Politics is intrinsic to the Golan Heights landscape. The region, disputed by Syria and Israel since the mid-1960s, lingers in an unresolved state, which influences its people’s everyday life, culture, and music. That is why, even if you do not want to be meddled and muddled with politics, you inevitably end up being part of the wider frame.
That is what has happened to the most upbeat band coming from the Golan Heights: TootArd. The four musicians, who debuted six years ago, always looked at their homeland through more pristine and unadulterated lenses and they have constantly found themselves keen to put into music what their eyes were seeing around them and what they were experiencing first-hand, rather than what was happening in “smoke-filled rooms”.
We reached, by phone, Hasan Nakhleh – guitarist and vocalist of the band, as well as its founder member – with his brother Rami, to puzzle out the open-ended nature of his project and land, starting from their very own definition of TootArd’s style: ‘mountain rock’.

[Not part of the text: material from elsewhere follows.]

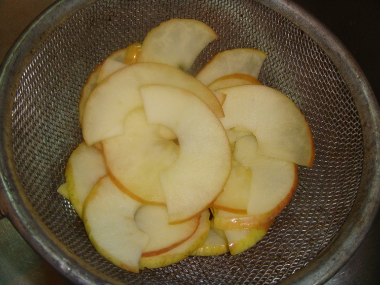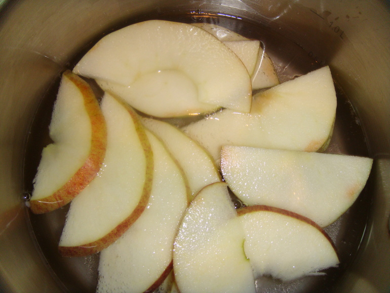 Яблоки порезать, очистить,отварить по 1 минуте в сладком сиропе:

“We could hardly tell where we fit as a genre so we thought, ‘why we don’t express what we feel about it?’ I mean, emotionally! That is when we developed the concept of roots rock-Jabali or ‘mountain rock’. We all lived and grew up in the same village called Majdal Shams, which lies down in a mountain called Mount Hermon, the highest in the Middle East. We were inspired by the location and we thought, ‘why don’t we call our music in that way?’ During that period, we were also listening to a lot of desert rock, so we thought, ‘since there is ‘desert rock’, why don’t we call our style ‘mountain rock’?”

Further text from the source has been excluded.